The Chicago community has a rich history of community gardens, dating back to wartime efforts in the early 1940s when food was in short supply in cities across the U.S. as resources were spent on moving troops and equipment for World War II, with little surplus for fresh produce. Chicago residents planted upward of 500 community gardens, plus 75,000 home gardens, according to University of Chicago research. During the summer of 1943, these Victory Gardens produced roughly 55,000 pounds of food.
Today’s Chicago is bigger with more commerce, but the food shortage persists. Yet community gardens are sprouting again––the Chicago Community Gardeners Association counts over 800 in the city.
In East Chicago, technically Indiana, access to fresh food is a little easier to come by, yet poverty is no less prevalent. Once home to a burgeoning steel mill industry, the city now faces a 36 percent poverty rate. This much is evident at The Salvation Army’s East Chicago Corps and Community Center, which serves lunch to as many as 150 people each day.
After multiple denials for a community garden grant from Foundations of East Chicago, the corps looked into many of the benefits Jasper touts.
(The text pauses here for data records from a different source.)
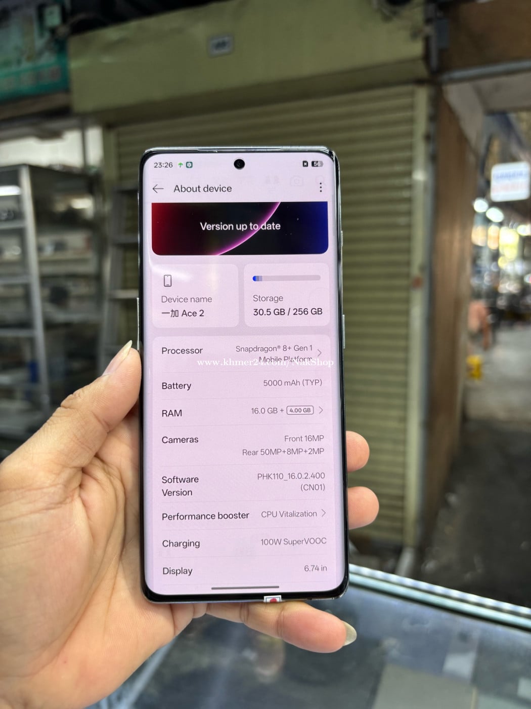 Oneplus ACE2 256G Ram16G Sim2 CH ម៉ាសុីនស្រុីន កូតកញ្ចក់Camrea តិច ដានតិច
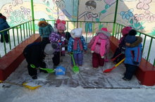 Трудовая деятельность во второй младшей группе. Расчистка беседки от снега 22.02.2018
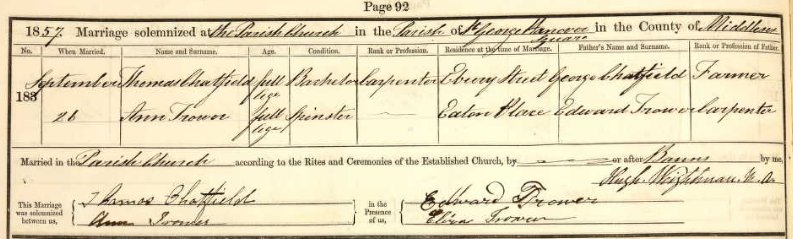 Marriage Certificate CHATFIELD Thomas - TROWER Ann 1857
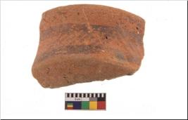 | Description / विवरण | Specimen of potsherd with black decorative geometric painting. Type Black on Red Ware . |
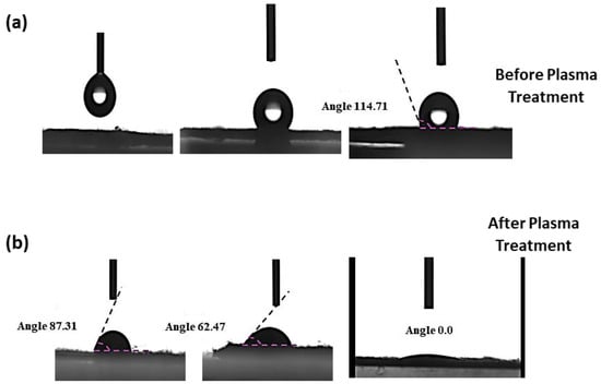 The developed nano-fibers were prepared and loaded with rGO-MWCNTs via a doping process within PVDF-TrFE nano-fibers. These fibers were subsequently subjected to low-temperature O2 plasma to introduce reactive functional sites, such as hydroxyl (OH) and oxygen-containing groups, onto the fiber surface. This synergistic effect could potentially alter the attributes of the nano-fiber mat from hydrophobic to super-hydrophilic. The change in surface modification after plasma treatment was confirmed by testing the water contact angle. The results indicate that the fibers showed a less or negligible water absorption phenomenon with a change in contact angle from 114.7° to 0.0° before and after plasma modification, as reported in previous works and can be depicted in Figure 5a,b. Therefore, the sufficient adsorption of the oxidant FeCl3.H2O results in speeding up the vapor absorption of the conductive polymer during VPP. However, the bonding that appeared among the PVDF-TrFE nano-fibers and conductive polymer PEDOT was improved by increasing the processing time [].

“OK, so you’re going to beautify the city; so what? Then, you start talking about lowering crime, and you start talking about seniors, and empowering people, that’s a whole different subject,” said Rosemary Salazar, corps administrative coordinator. With that evidence, the corps secured funding and launched its community gardening program last summer in partnership with Foundations of East Chicago, Purdue University Extension Center and The Home Depot.
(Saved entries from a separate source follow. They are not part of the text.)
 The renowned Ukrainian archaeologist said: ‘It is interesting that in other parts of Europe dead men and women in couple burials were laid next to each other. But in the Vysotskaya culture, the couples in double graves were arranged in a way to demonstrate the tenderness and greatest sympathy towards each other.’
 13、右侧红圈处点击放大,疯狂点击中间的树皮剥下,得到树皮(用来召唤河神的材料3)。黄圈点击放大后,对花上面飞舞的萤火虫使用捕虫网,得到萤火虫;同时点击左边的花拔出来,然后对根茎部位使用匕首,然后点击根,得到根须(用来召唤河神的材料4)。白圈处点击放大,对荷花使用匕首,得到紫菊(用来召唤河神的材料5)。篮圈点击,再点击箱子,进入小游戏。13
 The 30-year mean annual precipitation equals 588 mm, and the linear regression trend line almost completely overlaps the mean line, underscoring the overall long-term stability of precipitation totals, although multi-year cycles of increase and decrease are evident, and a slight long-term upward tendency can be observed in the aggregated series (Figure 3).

The initiative subsequently spawned both a veterans and senior gardening program, and all of the produce grown is used for meals in the corps’ feeding program. Salazar hopes to hold a farmer’s market this year and encourages participants to apply the new knowledge in their own backyards.
Grower Elida Ochoa is doing just that.
“There are so many recalls on spinach, on cabbages, on tomatoes,” she said. “I always tease my friends, I say, ‘I haven’t had a recall on any of my vegetables yet.’ There’s nothing better than to produce something that your family can eat…If I don’t do it, how am I going to share it with the next generation?”
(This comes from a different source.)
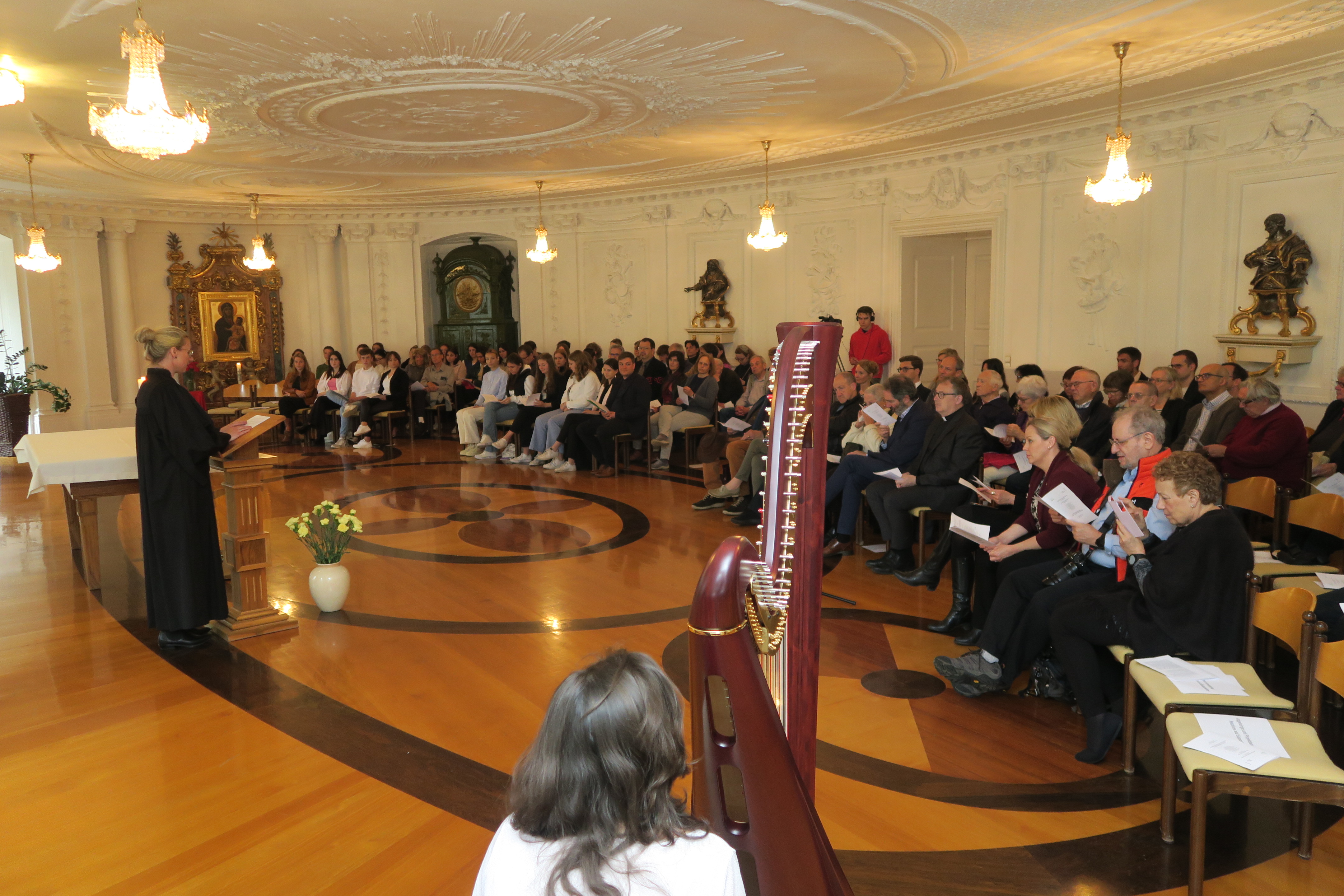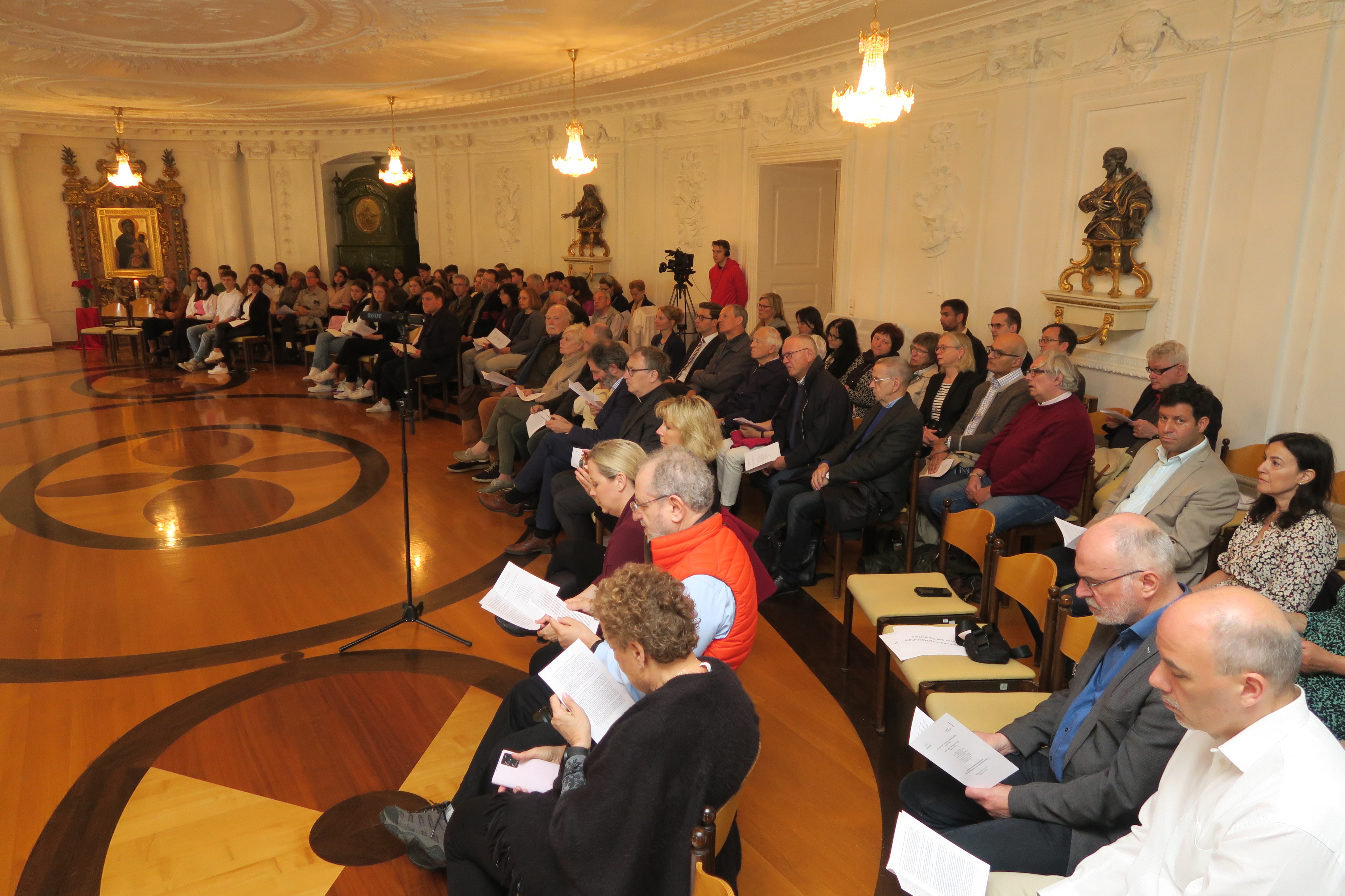 Am Vorabend kamen bei einem Empfang Angehörige der Vertriebenen, Paten, Vertreter von Kolleg und Stadt zusammen. Sie alle würdigen das große Engagement der Schüler für das Projekt Stolpersteine.

Other locations in the Chicago Metropolitan Division have experimented with community gardening. Major Darlene Harvey, corps officer at the Chicago Ray and Joan Kroc Corps Community Center, said the center has partnered with a local school to help educate children on the potentials of growing your own food.
The Blue Island Corps runs a rooftop garden, utilizing 30 hydroponic towers equivalent to up to 10 acres of conventional farmland. The vegetables grown are used in the corps’ senior lunch program.
Regardless of the food produced or crime rates lowered, Jasper believes that community gardens should not be mistaken for a panacea to poverty, but said they can provide a notable boost as part of an integrated food system, particularly in urban areas.
“Community gardening is not an answer—a complete answer,” Jasper said. “But, it is something that can certainly make an impact.”